### Required action
For this exercise, write out each entry below exactly, omitting the images.

### Supplied data
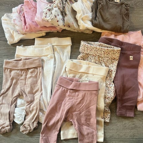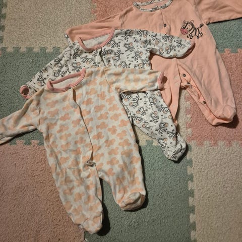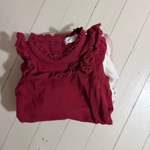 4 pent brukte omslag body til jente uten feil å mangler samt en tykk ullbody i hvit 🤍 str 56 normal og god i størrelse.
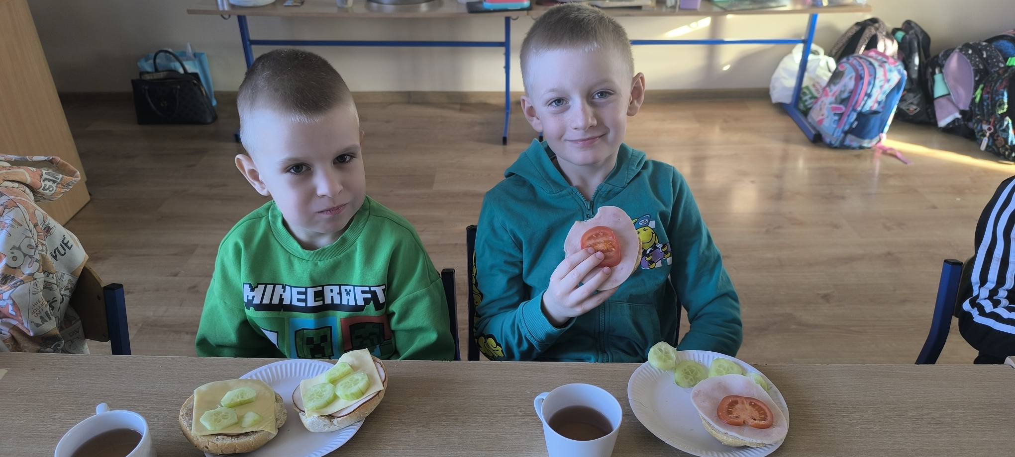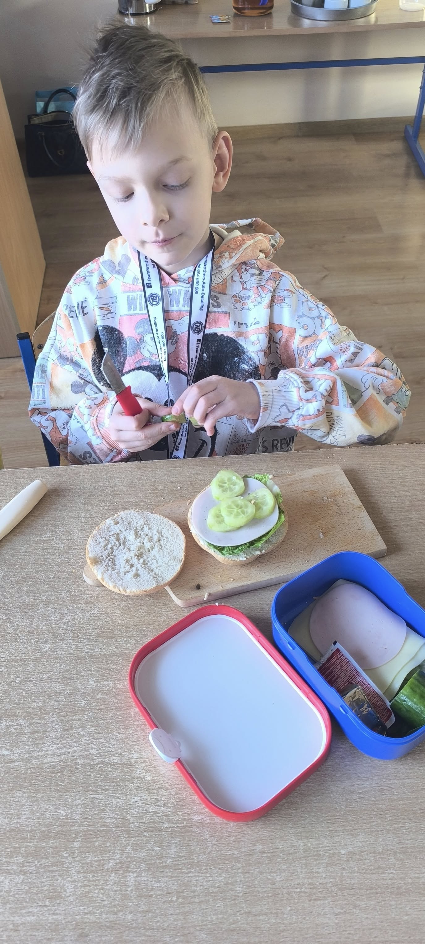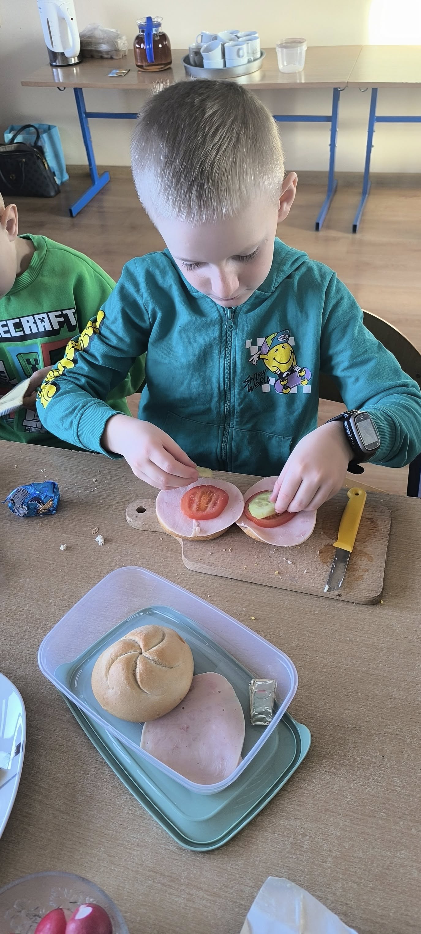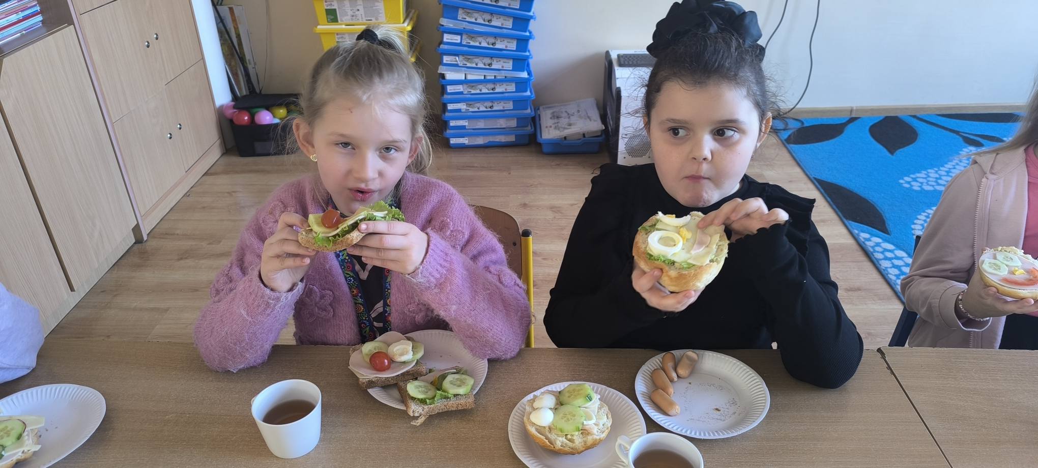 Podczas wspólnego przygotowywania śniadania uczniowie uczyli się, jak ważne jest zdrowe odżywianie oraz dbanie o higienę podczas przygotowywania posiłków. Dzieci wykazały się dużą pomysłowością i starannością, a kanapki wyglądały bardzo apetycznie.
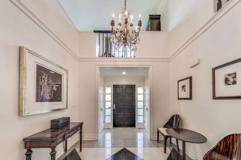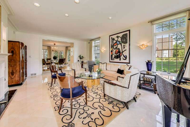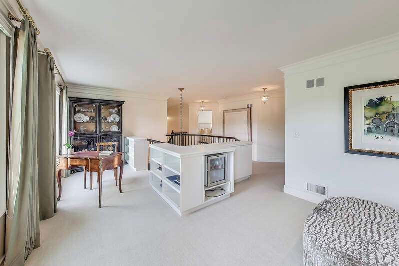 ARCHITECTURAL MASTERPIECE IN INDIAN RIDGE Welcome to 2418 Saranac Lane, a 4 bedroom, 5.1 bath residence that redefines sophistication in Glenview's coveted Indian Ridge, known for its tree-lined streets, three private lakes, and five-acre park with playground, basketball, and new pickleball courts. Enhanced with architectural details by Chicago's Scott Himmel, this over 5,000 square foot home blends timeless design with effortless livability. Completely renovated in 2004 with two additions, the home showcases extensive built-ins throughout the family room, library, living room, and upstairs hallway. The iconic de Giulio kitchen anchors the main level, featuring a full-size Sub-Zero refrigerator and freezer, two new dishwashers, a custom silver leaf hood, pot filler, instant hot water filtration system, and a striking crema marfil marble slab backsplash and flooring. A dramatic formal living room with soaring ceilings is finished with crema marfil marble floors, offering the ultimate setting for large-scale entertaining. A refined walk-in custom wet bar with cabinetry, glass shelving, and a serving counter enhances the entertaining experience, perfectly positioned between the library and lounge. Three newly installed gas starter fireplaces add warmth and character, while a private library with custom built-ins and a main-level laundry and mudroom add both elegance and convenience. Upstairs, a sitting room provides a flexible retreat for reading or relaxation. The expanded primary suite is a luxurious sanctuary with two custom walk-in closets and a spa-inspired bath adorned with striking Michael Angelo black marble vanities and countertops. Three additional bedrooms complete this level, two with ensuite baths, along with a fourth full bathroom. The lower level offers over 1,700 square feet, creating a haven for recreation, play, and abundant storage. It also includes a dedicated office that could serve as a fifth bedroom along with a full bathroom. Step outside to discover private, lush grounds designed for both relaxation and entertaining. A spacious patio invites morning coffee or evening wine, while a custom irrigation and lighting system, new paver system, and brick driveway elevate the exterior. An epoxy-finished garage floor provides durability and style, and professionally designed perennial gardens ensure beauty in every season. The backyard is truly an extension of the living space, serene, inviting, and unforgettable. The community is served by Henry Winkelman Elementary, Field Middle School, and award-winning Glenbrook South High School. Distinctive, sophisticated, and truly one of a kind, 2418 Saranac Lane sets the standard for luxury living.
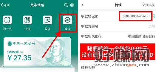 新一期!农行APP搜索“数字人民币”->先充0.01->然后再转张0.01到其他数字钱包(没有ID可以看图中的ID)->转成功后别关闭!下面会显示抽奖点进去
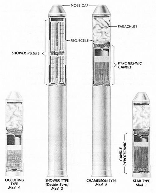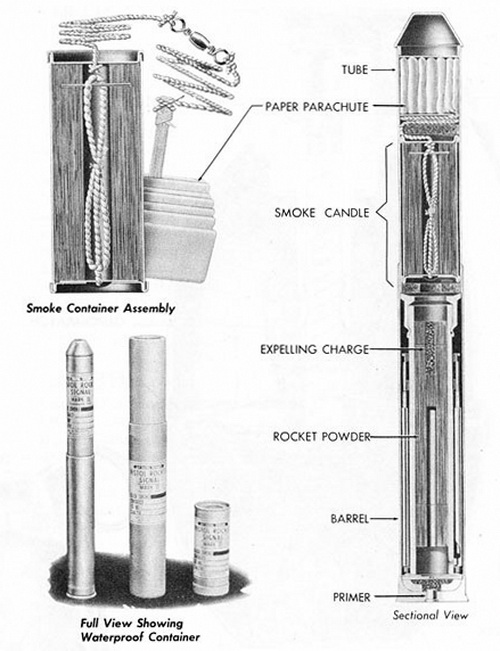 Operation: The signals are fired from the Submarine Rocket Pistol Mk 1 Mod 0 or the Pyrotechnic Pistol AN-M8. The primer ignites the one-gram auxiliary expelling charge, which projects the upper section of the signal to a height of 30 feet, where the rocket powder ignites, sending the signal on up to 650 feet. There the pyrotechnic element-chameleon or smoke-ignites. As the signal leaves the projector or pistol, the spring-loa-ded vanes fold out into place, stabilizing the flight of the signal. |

### Answer below
 4 pent brukte omslag body til jente uten feil å mangler samt en tykk ullbody i hvit 🤍 str 56 normal og god i størrelse.
 Podczas wspólnego przygotowywania śniadania uczniowie uczyli się, jak ważne jest zdrowe odżywianie oraz dbanie o higienę podczas przygotowywania posiłków. Dzieci wykazały się dużą pomysłowością i starannością, a kanapki wyglądały bardzo apetycznie.
 ARCHITECTURAL MASTERPIECE IN INDIAN RIDGE Welcome to 2418 Saranac Lane, a 4 bedroom, 5.1 bath residence that redefines sophistication in Glenview's coveted Indian Ridge, known for its tree-lined streets, three private lakes, and five-acre park with playground, basketball, and new pickleball courts. Enhanced with architectural details by Chicago's Scott Himmel, this over 5,000 square foot home blends timeless design with effortless livability. Completely renovated in 2004 with two additions, the home showcases extensive built-ins throughout the family room, library, living room, and upstairs hallway. The iconic de Giulio kitchen anchors the main level, featuring a full-size Sub-Zero refrigerator and freezer, two new dishwashers, a custom silver leaf hood, pot filler, instant hot water filtration system, and a striking crema marfil marble slab backsplash and flooring. A dramatic formal living room with soaring ceilings is finished with crema marfil marble floors, offering the ultimate setting for large-scale entertaining. A refined walk-in custom wet bar with cabinetry, glass shelving, and a serving counter enhances the entertaining experience, perfectly positioned between the library and lounge. Three newly installed gas starter fireplaces add warmth and character, while a private library with custom built-ins and a main-level laundry and mudroom add both elegance and convenience. Upstairs, a sitting room provides a flexible retreat for reading or relaxation. The expanded primary suite is a luxurious sanctuary with two custom walk-in closets and a spa-inspired bath adorned with striking Michael Angelo black marble vanities and countertops. Three additional bedrooms complete this level, two with ensuite baths, along with a fourth full bathroom. The lower level offers over 1,700 square feet, creating a haven for recreation, play, and abundant storage. It also includes a dedicated office that could serve as a fifth bedroom along with a full bathroom. Step outside to discover private, lush grounds designed for both relaxation and entertaining. A spacious patio invites morning coffee or evening wine, while a custom irrigation and lighting system, new paver system, and brick driveway elevate the exterior. An epoxy-finished garage floor provides durability and style, and professionally designed perennial gardens ensure beauty in every season. The backyard is truly an extension of the living space, serene, inviting, and unforgettable. The community is served by Henry Winkelman Elementary, Field Middle School, and award-winning Glenbrook South High School. Distinctive, sophisticated, and truly one of a kind, 2418 Saranac Lane sets the standard for luxury living.
 新一期!农行APP搜索“数字人民币”->先充0.01->然后再转张0.01到其他数字钱包(没有ID可以看图中的ID)->转成功后别关闭!下面会显示抽奖点进去
 Operation: The signals are fired from the Submarine Rocket Pistol Mk 1 Mod 0 or the Pyrotechnic Pistol AN-M8. The primer ignites the one-gram auxiliary expelling charge, which projects the upper section of the signal to a height of 30 feet, where the rocket powder ignites, sending the signal on up to 650 feet. There the pyrotechnic element-chameleon or smoke-ignites. As the signal leaves the projector or pistol, the spring-loa-ded vanes fold out into place, stabilizing the flight of the signal. |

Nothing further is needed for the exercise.